You can also list the cache objects created in a table by the following command:
simics> list-objects class = simple_cache -all
┌──────────────┬──────────────────────────┐
│ Class │ Object │
├──────────────┼──────────────────────────┤
│<simple_cache>│board.mb.cpu0.cache[0].l1d│
│<simple_cache>│board.mb.cpu0.cache[0].l1i│
│<simple_cache>│board.mb.cpu0.cache[0].l2 │
│<simple_cache>│board.mb.cpu0.l3 │
└──────────────┴──────────────────────────┘
There is also a command, <simple_cache_tool>.list-caches
, to list the caches connected to a specific simple_cache_tool
. For example:
simics> cachetool.list-caches
┌─────┬──────────────────────────┬────┬────┬─────────┬──────────┐
│Row #│ Cache Object │Sets│Ways│Line Size│Total Size│
├─────┼──────────────────────────┼────┼────┼─────────┼──────────┤
│ 1│board.mb.cpu0.cache[0].l1d│ 64│ 12│ 64│ 48.00 kiB│
│ 2│board.mb.cpu0.cache[0].l1i│ 64│ 8│ 64│ 32.00 kiB│
│ 3│board.mb.cpu0.cache[0].l2 │1024│ 20│ 64│ 1.25 MiB│
│ 4│board.mb.cpu0.l3 │4096│ 12│ 64│ 3.00 MiB│
└─────┴──────────────────────────┴────┴────┴─────────┴──────────┘
Here some size properties of the caches is also displayed.
All the configuration parameters to the <simple_cache>
.add-{l1d,l1i,l2,l3}-cache commands are listed here:
line-size
the cache line size, default 64 (bytes).sets
the number of cache sets, i.e., number of indices.ways
sets the cache associativity, i.e., the total number of cache lines will be sets * ways, default number of ways is 1.-write-through
if the cache should be a write through cache, i.e., all writes will be passed through to the next level (even cache hits). Default is not to write through.-no-write-allocate
if the cache should not allocate lines upon a cache write miss. If no write allocate the cache will write through on write misses. Default is to do write allocate, by first reading the cache line.read-penalty
sets the time in cycle it takes to read from the cache.read-miss-penalty
sets the time in cycles it takes to miss in the cache. So for a miss both the read penalty and read miss penalty will be added. Usually this is only set for the last cache to set the time it takes to reach memory.write-penalty
sets the time in cycle it takes to write to the cache.write-miss-penalty
sets the time in cycle it takes to write and miss in the cache. So for a miss both the write penalty and write miss penalty will be added.

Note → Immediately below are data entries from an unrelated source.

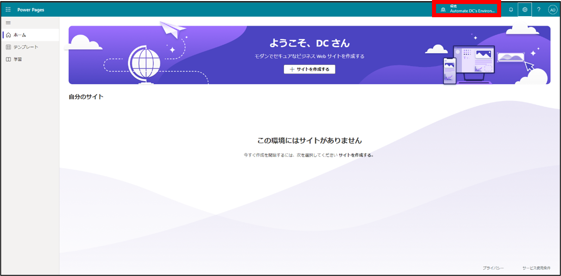 Power Pages Webサイト作成開始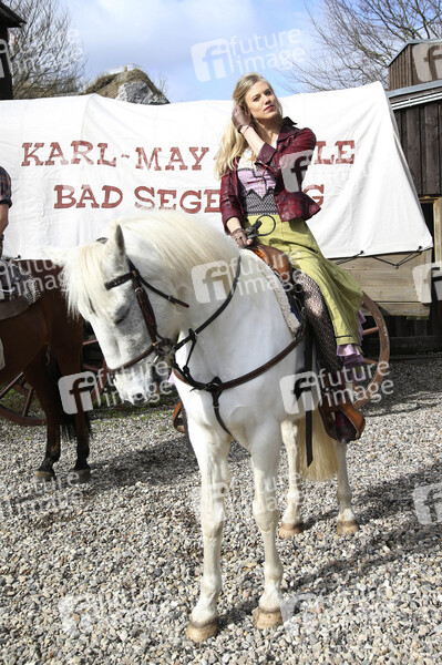 Schauspielerin, Prominenz, Fototermin, Pressetermin, Photocall, Fotocall, Unterhaltung, Entertainment, Kultur, Western, Freilichtbühne, Freilichttheater, Freilufttheater, Kalkbergstadion, Open Air Theater, 68. Karl-May-Spiele 2019, Unter Geiern - Der Sohn des Bärenjägers, Tier, Pferd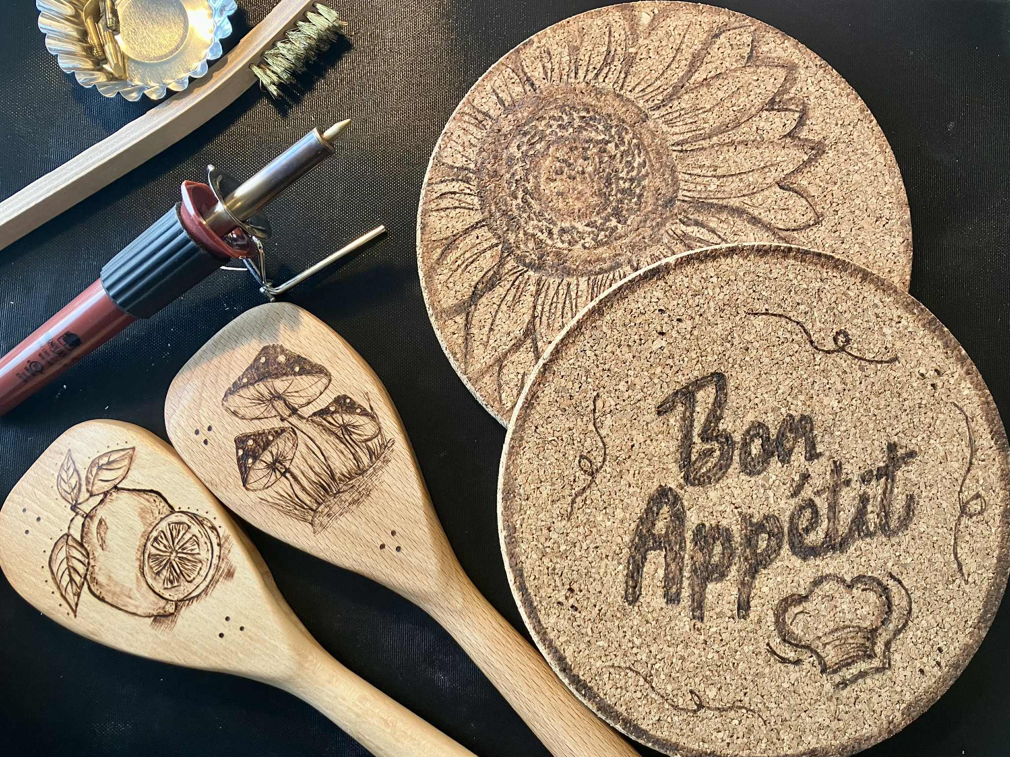 Prêt de pyrograveurs par Les saisons d’Isabelle (poste complet fourni).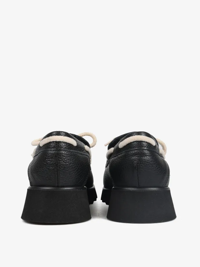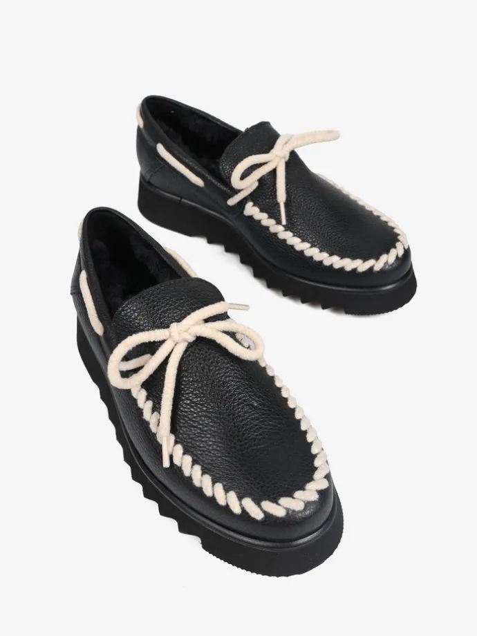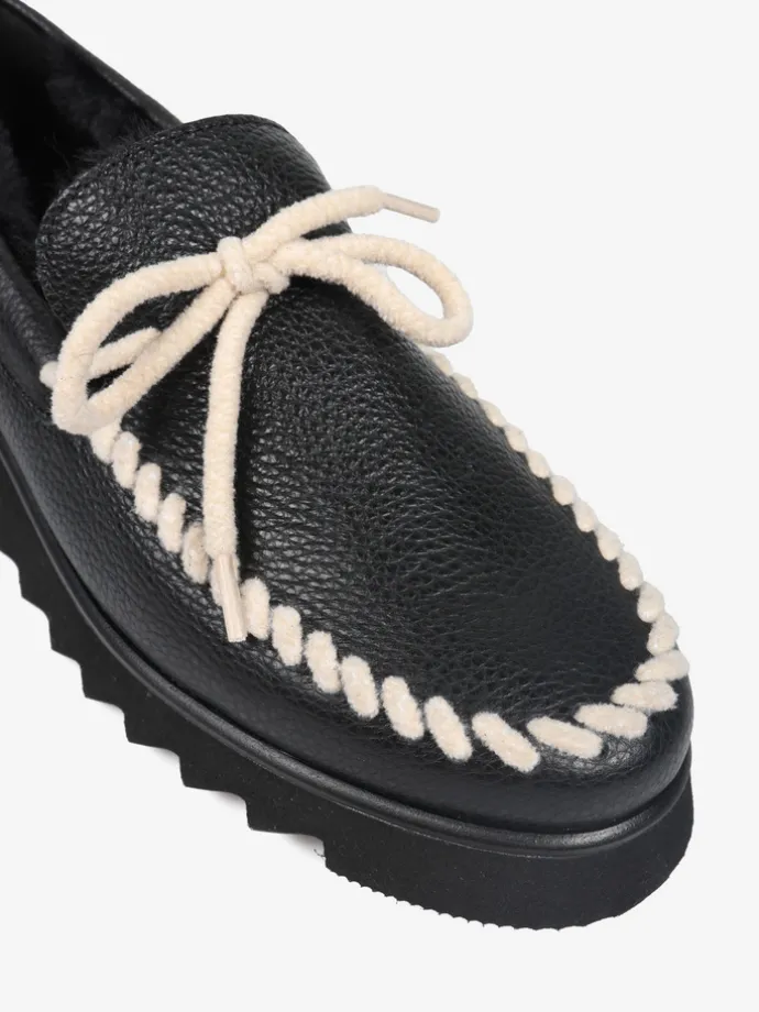 Skórzane mokasyny na efektownej podeszwie z wnętrzem wyłożonym miękkim, sztucznym futrem. Wiązanie z kremowego sznurka pozwala na idealne dopasowanie.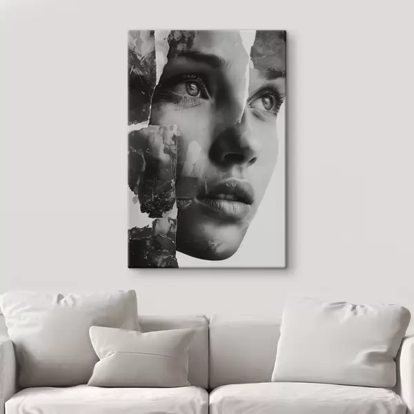 Cuadros Retrato collage en blanco y negro con capas rasgadas con textura Nr s45898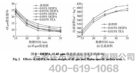 1)DEIPA有效促进了水泥粉磨过程,掺0.015%的DEIPA的水泥粉磨25min即可获得和参照样粉磨35min相近的45μm筛余量。掺入DEIPA的水泥粉磨试样的Blaine比表面积均较参照样降低,这和DEIPA改变了水泥粉体在Blaine法测定介质中的透气性有关。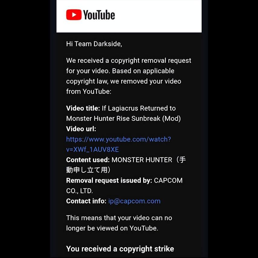 在上傳視頻的幾天前,卡普空就給《洛克人EXE》合集實裝了Enigma Protector。上傳視頻兩個月後,知名《怪物獵人》速通與內容創作團隊Team Darkside表示,卡普空日本的法律團隊正在針對《怪物獵人:崛起》任何涉及模組使用的視頻發出下架請求和版權警告。

Usually this is only set for the last cache to set the time it takes to reach memory.prefetch-additional
sets how many consecutive cache lines to fetch additionally to the one that missed.-prefetch-adjacent
means that the cache will, on a miss, prefetch the adjacent cache line as well, so the total fetch region is cache line size times 2, naturally aligned.-ip-read-prefetcher
adds an instruction pointer stride prefetcher for reads-ip-write-prefetcher
adds an instruction pointer stride prefetcher for writes-no-issue
this is a special flag for the add-l1i-cache command which prevents the CPU to do any instruction fetch accesses to the instruction cache. This is useful if the instruction cache should be called from another tool, such as a branch predictor tool that drives the instructions cache. If not set, the instruction cache will be called for each new cache block that the CPU fetches.The penalties from above is only relevant if you add the cycle staller object.

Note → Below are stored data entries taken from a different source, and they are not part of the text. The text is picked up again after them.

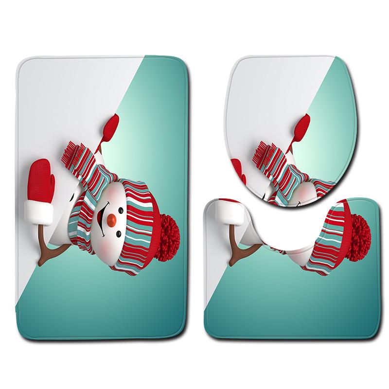 3D Schneemann Badezimmer Toilette Dreiteiliger Bodenmatten Türvorleger Badezimmerteppich
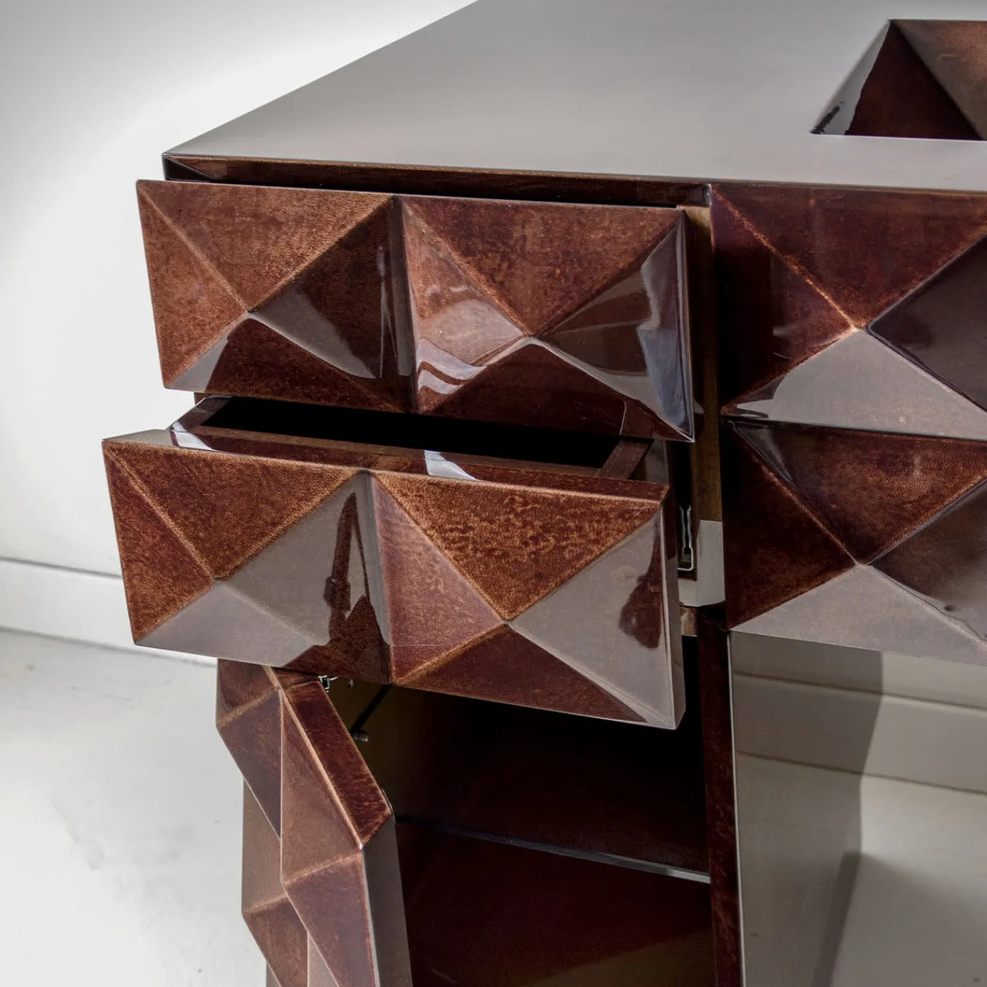 Questo raffinato insieme da bagno disegnato da Giannella Ventura è interamente realizzato in pergamena con una ricca tonalità moka. Realizzato per resistere ai rigori dell’umidità e dell’esposizione all’acqua, è sinonimo di durata e resistenza. Grazie ai cassetti e alle ante con apertura a pressione, la praticità incontra la raffinatezza senza sforzo. L’accattivante facciata frontale crea un’incantevole illusione ottica grazie a un intricato mosaico di piccole forme piramidali quadrate. Rubinetteria inclusa, come da immagine.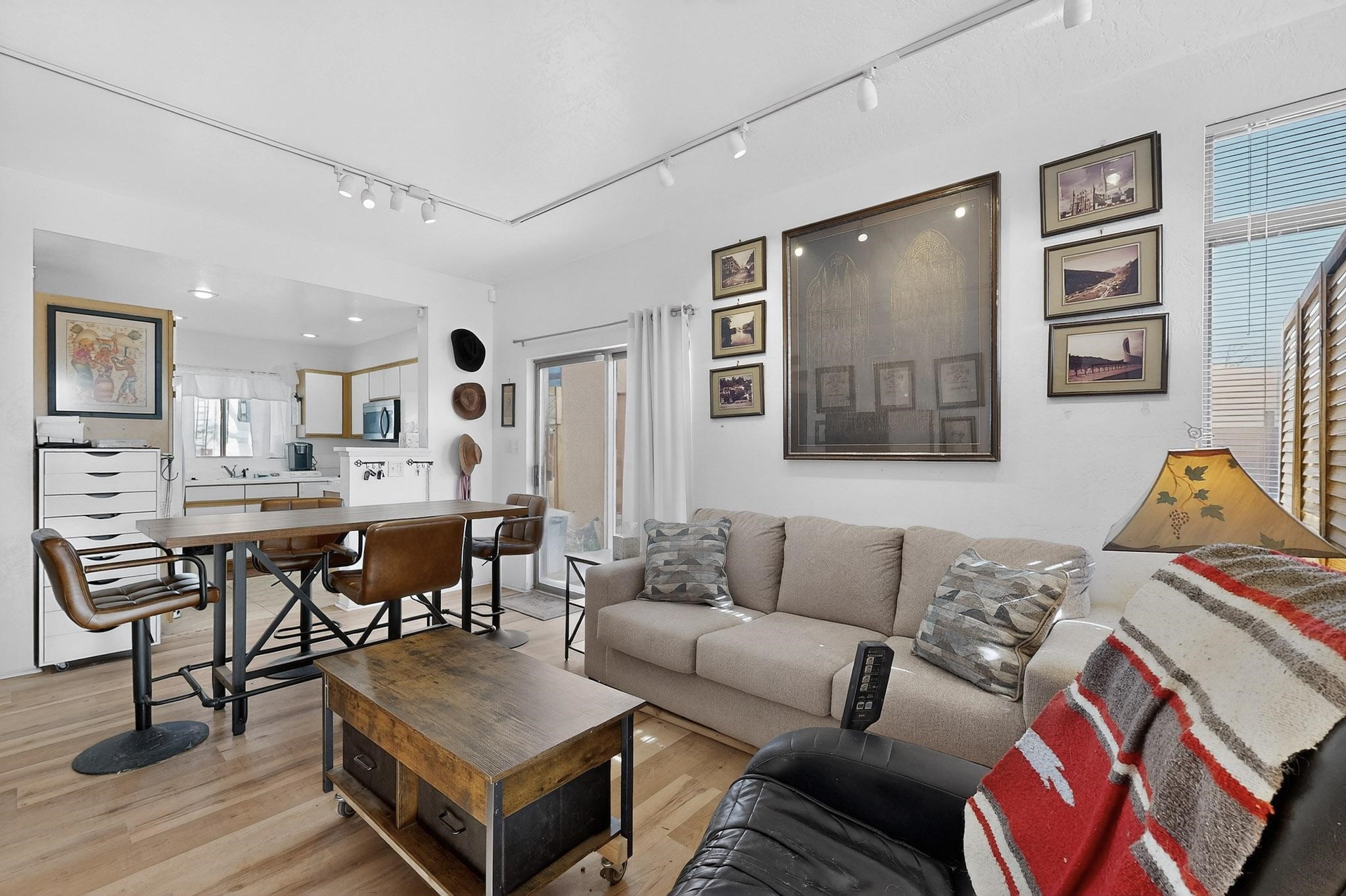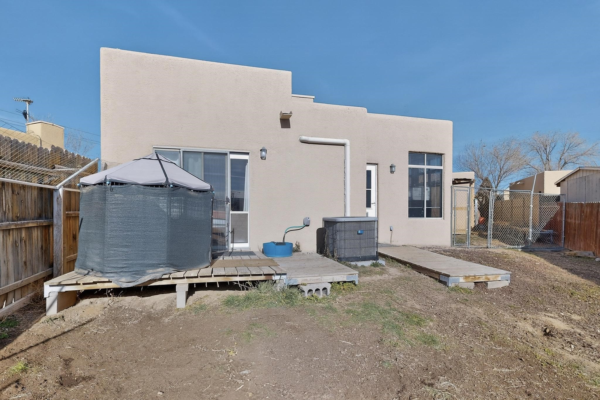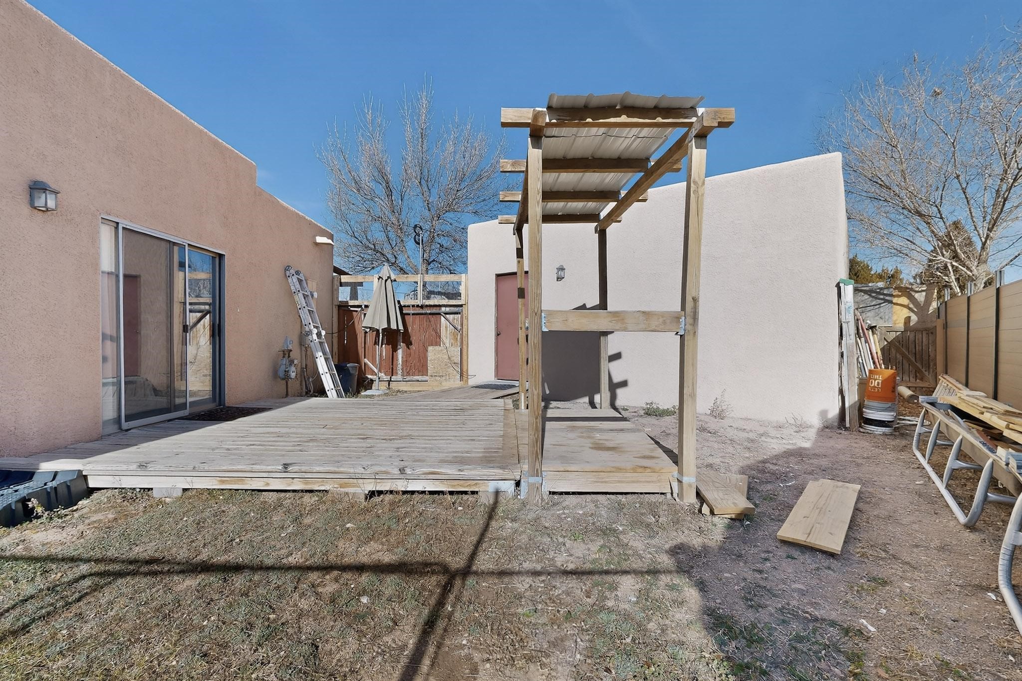This two bedroom, two bathroom, single level home with a two car detached garage is the Perfect and Best Value in Santa Fe! The open concept living and dining area is flooded with natural light and has easy to care for flooring. The dining area offers patio access to the east yard and a custom trellis awaiting a porch swing. Quick access to a separated backyard allows for pets to enjoy their own space. Lots of great outdoor areas awaiting your ideas. The primary suite has a custom closet with a sliding barn door, private access to the backyard with a deck and a primary bathroom with a sliding barn door as well, to allow for maximum use of the space. Bedroom #2 sits at the entry of the home with a cul-de-sac view and access to the guest's full bathroom. The stackable washer and dryer save space and are tucked away from view. Lots of great perks, including the refrigerated A/C that was added and the storage shed in the backyard that will convey. The Seller is offering a $3,000 credit towards a flooring allowance and a $2,000 paint allowance with a reasonable and accepted offer.

If you run the simulation for a while, say 1 000 000 000 cycles, with the run-cycles
command, you will get information about a cache with the cache.print-statistics
command.
So, from the table above choose one cache object, and do for instance:
simics> board.mb.cpu0.cache[0].l1d.print-statistics
The output will be something like the following. See chapter Understanding the Statistics of Simple Cache below for more information about the statistics.

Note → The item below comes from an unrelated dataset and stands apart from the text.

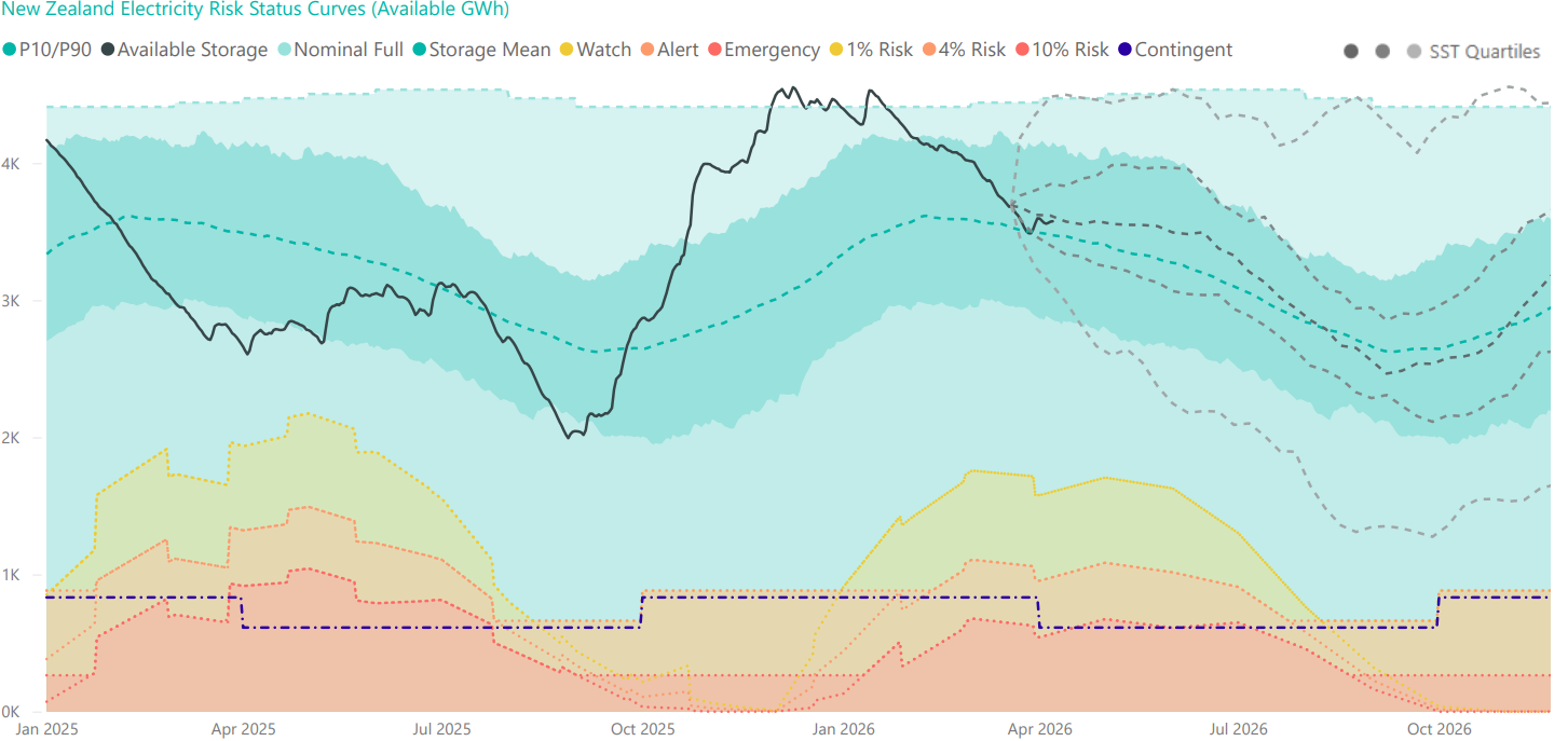 - NIWA has forecast in their seasonal climate outlook that below-normal rainfall is most likely for the west of the South Island over the next two months, which includes key hydro catchments. As we approach winter 2026, an ongoing focus on hydro storage management and ensuring sufficient backup thermal fuels and capacity remains necessary to mitigate the potential for very high prices.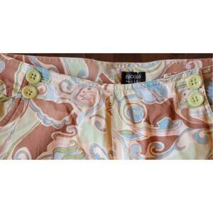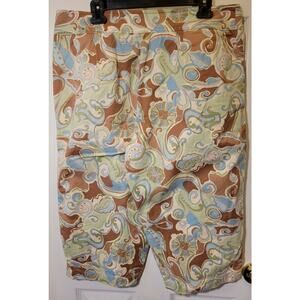 Nicole Miller Capri Pants Paisley Brown Green Cream Button Front Women's Size 18

┌─────┬───────────────────────────────────┬────────┬─────┐
│Row #│ Counter │ Value │ % │
├─────┼───────────────────────────────────┼────────┼─────┤
│ 1│read accesses │10571090│ │
│ 2│read misses │ 194075│ 1.84│
│ 3│write accesses │ 3704615│ │
│ 4│write misses │ 152557│ 4.12│
│ 5│prefetch accesses │ 323980│ │
│ 6│prefetch misses │ 253378│78.21│
│ 7│prefetched lines used │ 139516│43.06│
│ 8│evicted lines (total) │ 599242│ │
│ 9│evicted modified lines │ 172067│28.71│
│ 10│entire cache flushes (invd, wbinvd)│ 8│ │
│ 11│uncachable read accesses │56531126│ │
│ 12│uncachable write accesses │38655295│ │
└─────┴───────────────────────────────────┴────────┴─────┘
The table can also be exported to a comma separated value file (csv), by using the .export-table-csv
command, e.g.,
simics> board.mb.cpu0.cache[0].l1d.export-table-csv file = my-stats.csv
You can also view the content of a cache with the .print-cache-content
command, e.g.,
simics> board.mb.cpu0.cache[0].l1d.print-cache-content -no-row-column
┌─────┬────────────────┬────────────────┬────────────────┬────────────────┐
│Index│ Way0 │ Way1 │ Way2 │ Way3 │
├─────┼────────────────┼────────────────┼────────────────┼────────────────┤
│ 0│M:0xdffd4b00:2:-│S:0xdffef000:1:-│S:0xdffce000:0:-│M:0xdffcf200:3:-│
│ 1│E:0xdffedf40:2:-│E:0xdffcf240:1:P│M:0xdffcf040:3:-│S:0xdffce040:0:-│
│ 2│S:0xdffce080:1:-│S:0xdffcf280:2:-│M:0xdffcf180:3:-│E:0xdffedf80:0:-│
│ 3│M:0xdffd4ac0:1:-│E:0xdffcf2c0:3:P│E:0xdffcf1c0:0:S│E:0xdffedfc0:2:-│
└─────┴────────────────┴────────────────┴────────────────┴────────────────┘
The -no-row-column
removes the default Row column from the table, which is useful since it reduces possible confusion with the Index column.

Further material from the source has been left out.